As of September 30, 2012 and December 31, 2011, the total fair value of the Company’s derivative assets recorded in other current assets on the Condensed Consolidated Balance Sheets was $4.6 million and $0.4 million, respectively. As of September 30, 2012 and December 31, 2011, the total fair value of the Company’s derivative liabilities recorded in other accrued liabilities on the Condensed Consolidated Balance Sheets was $0.6 million and $9.6 million, respectively.

During the three and nine months ended September 30, 2012, the Company recognized a gain of $5.7 million and $6.5 million, respectively, in accumulated other comprehensive income for the effective portion of its derivative instruments and reclassified a loss of $3.2 million and $8.7 million, respectively, from other comprehensive income to operating expense in the Condensed Consolidated Statements of Comprehensive Income. During the three and nine months ended September 30, 2011, the Company recognized a loss of $5.6 million and a gain of $1.5 million, respectively, in accumulated other comprehensive income for the effective portion of its derivative instruments and reclassified a gain of $1.2 million and $3.4 million, respectively, from other comprehensive income to operating expense in the Condensed Consolidated Statements of Comprehensive Income.

The ineffective portion of the Company's derivative instruments recognized in its Condensed Consolidated Statements of Comprehensive Income was not material during the three and nine months ended September 30, 2012 and September 30, 2011.

Non-Designated Derivatives

The Company also uses foreign currency forward contracts to mitigate variability in gains and losses generated from the re-measurement of certain monetary assets and liabilities denominated in foreign currencies. These derivatives do not qualify for special hedge accounting treatment. These derivatives are carried at fair value with changes recorded in other expense, net in the Condensed Consolidated Statements of Comprehensive Income. Changes in the fair value of these derivatives are largely offset by re-measurement of the underlying assets and liabilities. Cash flows from such derivatives are classified as operating activities. The derivatives have maturities of approximately two months.
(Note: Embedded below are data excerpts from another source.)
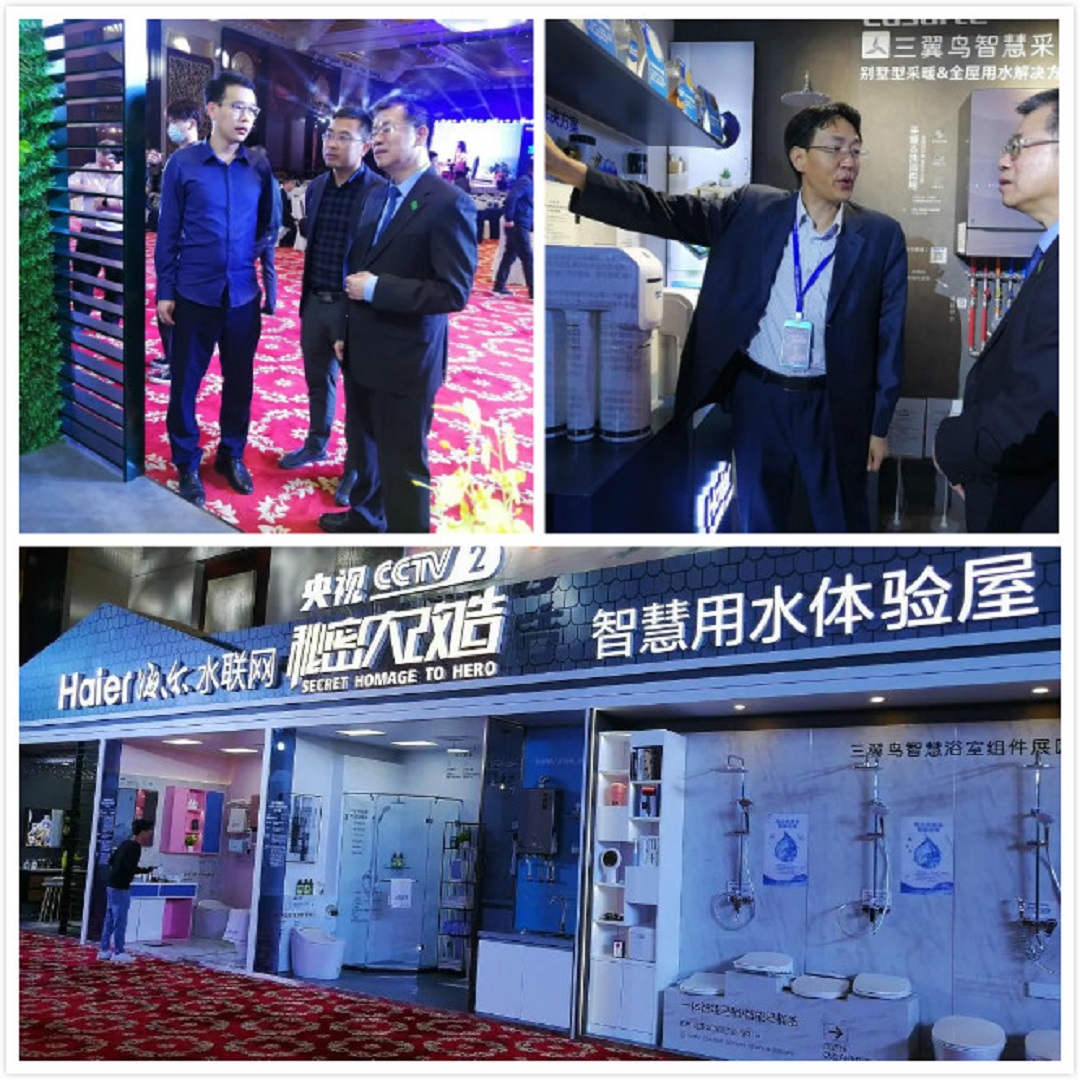 会前,秦占学会长在海尔袁红刚总的陪同下,参观了央视《秘密大改造》场景体验屋——智慧采暖区、智慧用水区、美肤浴室、畅享浴室四间体验区,并对每个展区产品性能进行了详细的交流,该展区逐一彰显三翼鸟定制化、个性化的智慧场景。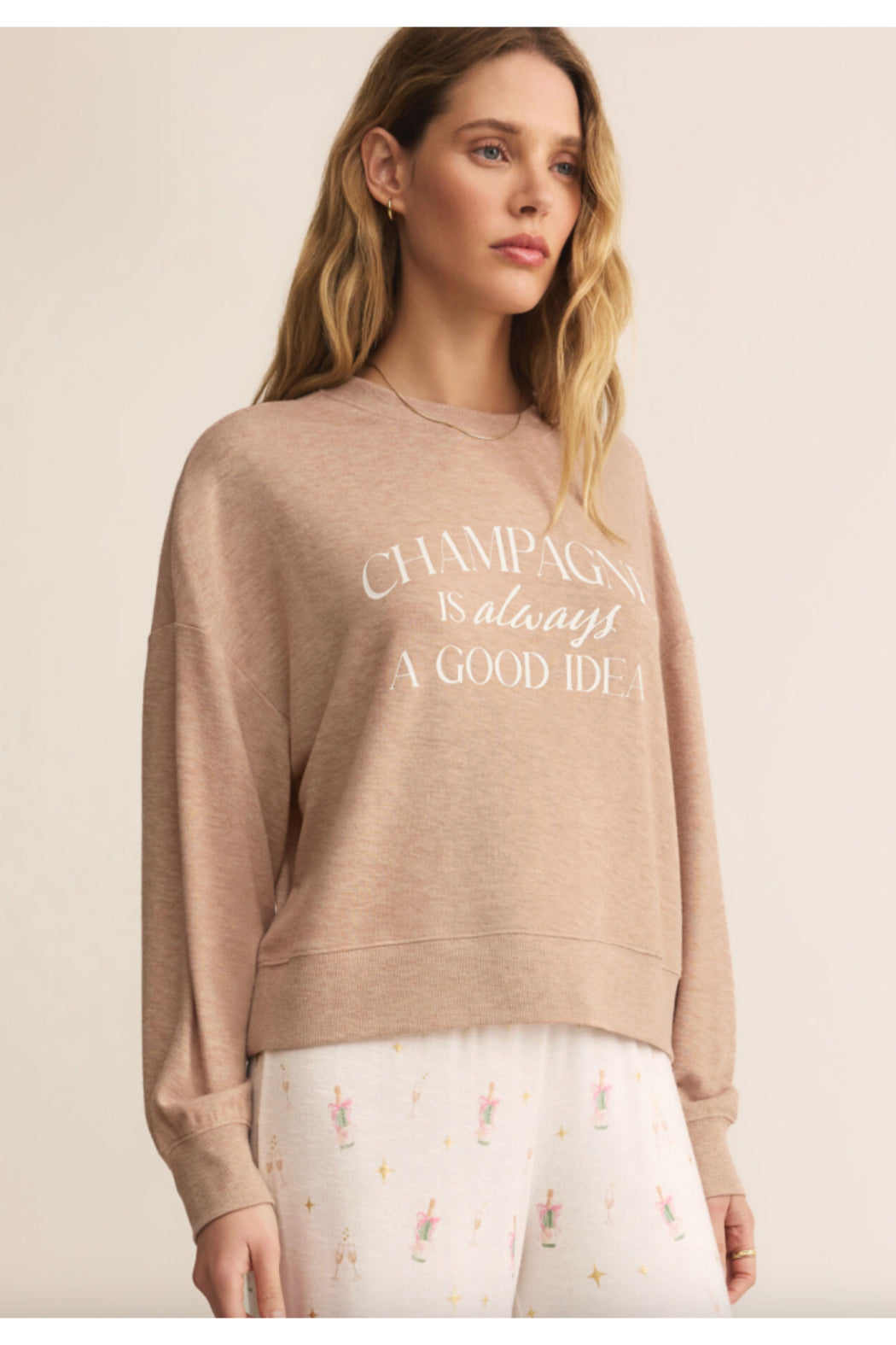 Crew neck Long sleeve Lightweight Heavy soft wash Relaxed fit Marled Knit: 62% Polyester 33% Rayon 5% Spandex Length from shoulder is 21"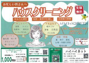 忙しい皆さま、家事ラクしてください! あっという間に年末!年末の大掃除の時期です。ハウスクリーニングはハイハイネットがお手伝いいたします! シーズンになりますと大変混みあいます。ご予定が決まりましたらお早めにご連絡くださ […]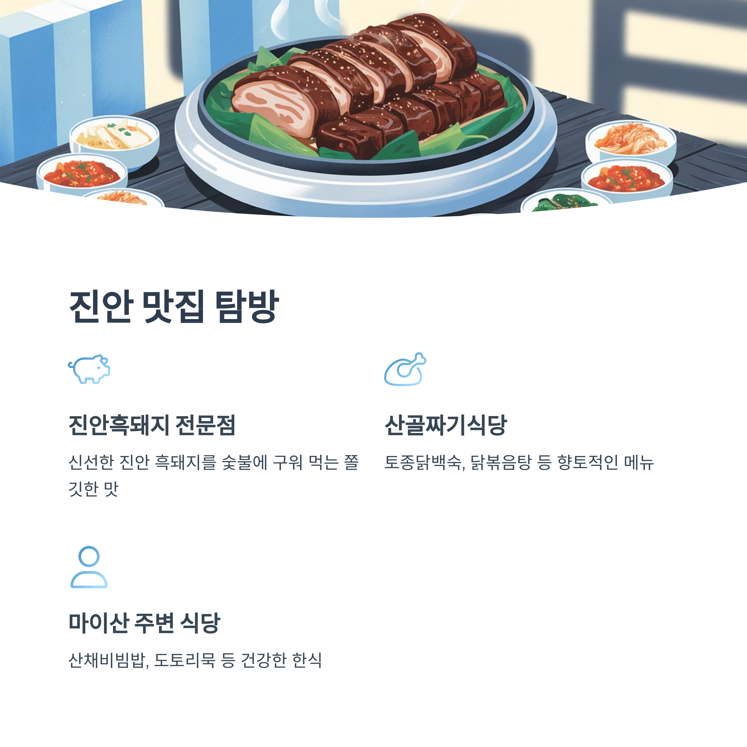 - 마이산 탑사 근처 식당들: 마이산 주변에는 산채비빔밥, 도토리묵 등 건강하고 맛있는 한식을 파는 식당들이 많으니 마이산에 들렀다가 함께 방문해 보세요.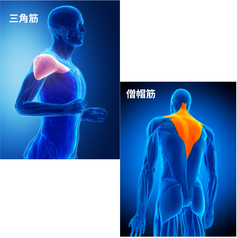 僧帽筋(特に上部・中部線維)→肩甲骨を引き上げたり、回旋を行う
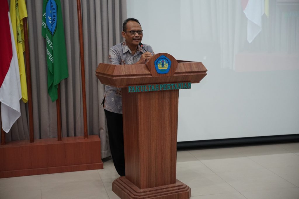 Wakil Rektor Bidang Akademik Unila, Prof. Dr. Eng. Suripto Dwi Yuwono, S.Si., M.T., membuka acara mewakili Rektor Unila. Hadir pula para wakil dekan Fakultas Pertanian dan Kepala Unit Penunjang Akademik (UPA) Layanan Uji Kompetensi.

During the three and nine months ended September 30, 2012, the Company recognized a net gain of $0.3 million and $0.5 million, respectively, within other expense, net, on its Condensed Consolidated Statements of Comprehensive Income from non-designated derivative instruments. During the three and nine months ended September 30, 2011, the Company recognized a net gain of $0.8 million and $1.0 million, respectively, within other expense, net, on its Condensed Consolidated Statements of Comprehensive Income from non-designated derivative instruments.